> **Aim of the task**: The data below holds the lines to copy: everything from the line containing "To show the" to the line containing "프론트 지퍼와 자수 로고가 특징인 네이비 후드티.", both ends included, set down exactly.

> **Available records**:

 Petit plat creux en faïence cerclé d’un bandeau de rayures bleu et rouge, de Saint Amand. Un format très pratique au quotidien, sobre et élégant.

==

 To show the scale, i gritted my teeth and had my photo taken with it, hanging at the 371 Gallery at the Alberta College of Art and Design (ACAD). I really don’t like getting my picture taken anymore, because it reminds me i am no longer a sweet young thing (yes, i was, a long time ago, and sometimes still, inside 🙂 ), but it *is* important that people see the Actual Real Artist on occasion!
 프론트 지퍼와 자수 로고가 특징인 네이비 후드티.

> **Response to the exercise**:
 To show the scale, i gritted my teeth and had my photo taken with it, hanging at the 371 Gallery at the Alberta College of Art and Design (ACAD). I really don’t like getting my picture taken anymore, because it reminds me i am no longer a sweet young thing (yes, i was, a long time ago, and sometimes still, inside 🙂 ), but it *is* important that people see the Actual Real Artist on occasion!
 프론트 지퍼와 자수 로고가 특징인 네이비 후드티.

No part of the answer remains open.